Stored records
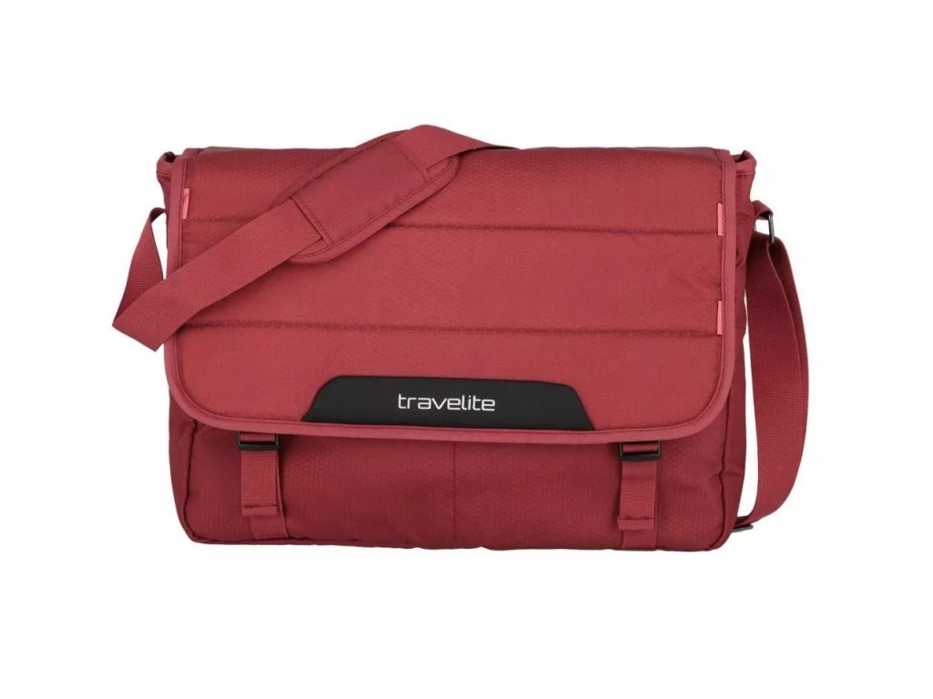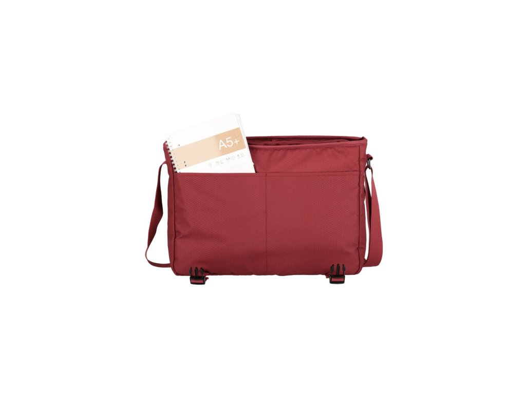 Extra lehká taška přes rameno s klopou na přezky, přihrádkou na 15,6" notebook a odnímatelným popruhem vyrobená z recyklovaného polyesteru.
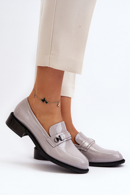 Damskie Lakierowane Mokasyny Szare Nerilaja
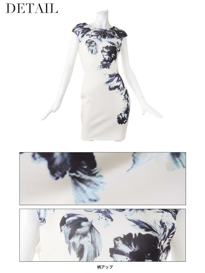 清潔感溢れるホワイトドレスに大人の色気漂う風格ある墨絵風花柄があしらわれた魅力的なキャバワンピースです。
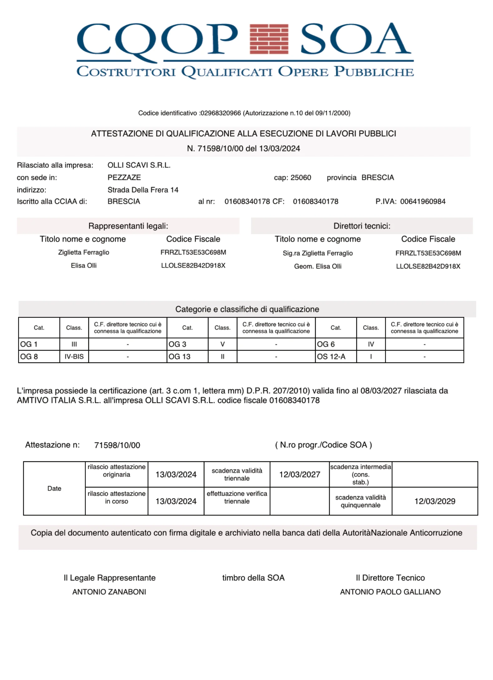 Le certificazioni di qualità ottenute confermano la professionalità di Olli Scavi, la preparazione e la cura in ogni dettaglio dei nostri interventi.
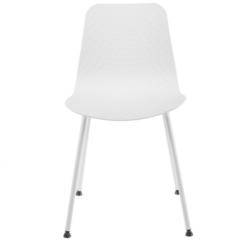 Cadeira funcional em polipropileno com design oval no encosto.

_Problem to solve:_ Go from the first line of the data above to the line containing "Le certificazioni di" and retype exactly those lines, both included, but none of the pictures.

_Written answer:_
 Extra lehká taška přes rameno s klopou na přezky, přihrádkou na 15,6" notebook a odnímatelným popruhem vyrobená z recyklovaného polyesteru.
 Damskie Lakierowane Mokasyny Szare Nerilaja
 清潔感溢れるホワイトドレスに大人の色気漂う風格ある墨絵風花柄があしらわれた魅力的なキャバワンピースです。
 Le certificazioni di qualità ottenute confermano la professionalità di Olli Scavi, la preparazione e la cura in ogni dettaglio dei nostri interventi.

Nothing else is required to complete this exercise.